A year later they get messages that read “I Know What You Did Last Summer” and “You’re Next” — sadly, not all the notes are the titles of slasher movies — and a fisherman with a hook starts killing all their loved ones. So they turn to Julie James (Jennifer Love Hewitt), who survived very similar murders twice before, and Julie never once considers the obvious: that there might be a copycat killer. No, to Julie, killer fishermen with an inexplicable kink for your itinerary one summer hence are just a thing that happens sometimes. So she tells them to rehash the plot of the first movie. Even her ex-husband Ray (Freddie Prinze Jr.) thinks that’s a terrible idea, but he ends up doing it too.

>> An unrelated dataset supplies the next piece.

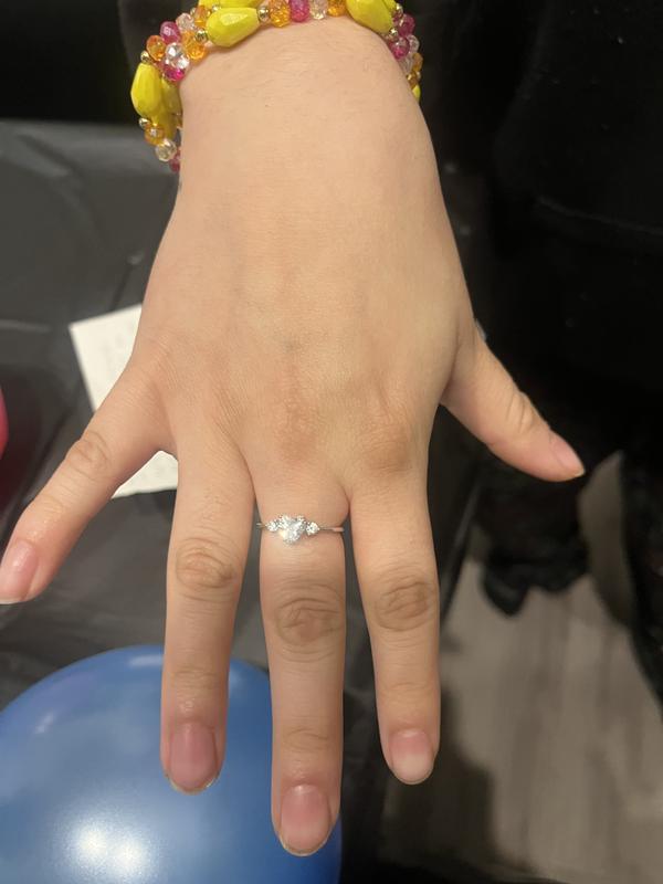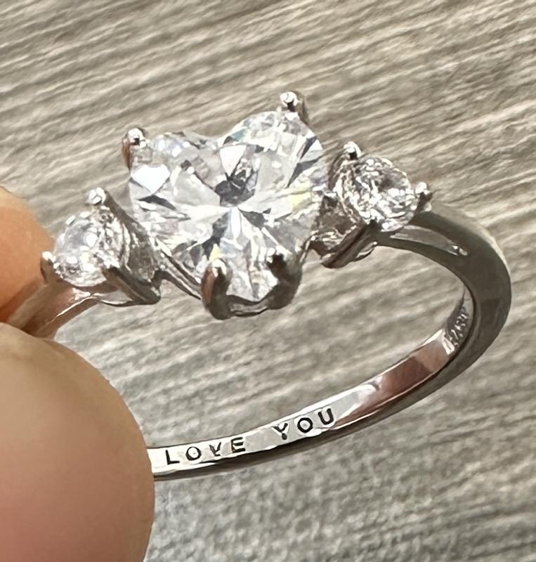I received this ring as a gift. The silver band adorned with a heart shape crystal at the center and a round crystal on either side is beautiful. It is dainty with "I LOVE YOU" on the inside (a nice little surprise). Wonderful present.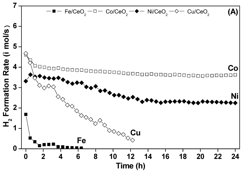Konsolakis, M.; Ioakimidis, Z.; Kraia, T.; Marnellos, G.E. Hydrogen Production by Ethanol Steam Reforming (ESR) over CeO2 Supported Transition Metal (Fe, Co, Ni, Cu) Catalysts: Insight into the Structure-Activity Relationship. Catalysts 2016, 6, 39. https://doi.org/10.3390/catal6030039

Look folks, that’s what we’re here for. We’re here for “Last Summer” shenanigans. And we’re here to relive that first, very entertaining movie and occasionally riff on the first, very ludicrous sequel. (The third movie, “I’ll Always Know What You Did Last Summer,” has been forgotten. Sorry, history, but we’re rebooting a franchise here, not curating an archive.) We get cameos whether they make any sense or not. And not just from former stars, but from former props. The parade float that Sarah Michelle Gellar stood on nearly 30 years ago shows up again, and for some reason it’s in a warehouse, and for some reason the warehouse is in a cemetery, and for some reason it’s in near-mint condition.

Logic, be damned! And begone! Everything about the new “I Know What You Did Last Summer” strains credulity until credulity breaks open and spills fake blood and candy everywhere. And that’s for the best. The “IKWYDLS” movies, though memorable and fun, don’t warrant the self-serious legacy sequel treatment, as if they were culturally-defining classics that gained historical significance over time. The first “IKWYDLS” was mostly just well-timed, swiftly capitalizing on the breakaway success of Wes Craven’s “Scream.” It was a well-produced campfire morality tale about sexy fools, and so is this new one.

But Jennifer Kaytin Robinson knows exactly how trashy the material is, and never pretends it’s powerful stuff. It’s a lark, a kitschy commentary about these ridiculous movies, which also understands that the ridiculousness makes them lovable, and that our love — though sometimes ironic — is genuine. And that says a lot about us, and our (sometimes bad) taste in 1990s nostalgia.

A Sony Pictures release, “I Know What You Did Last Summer” opens only in theaters on July 18.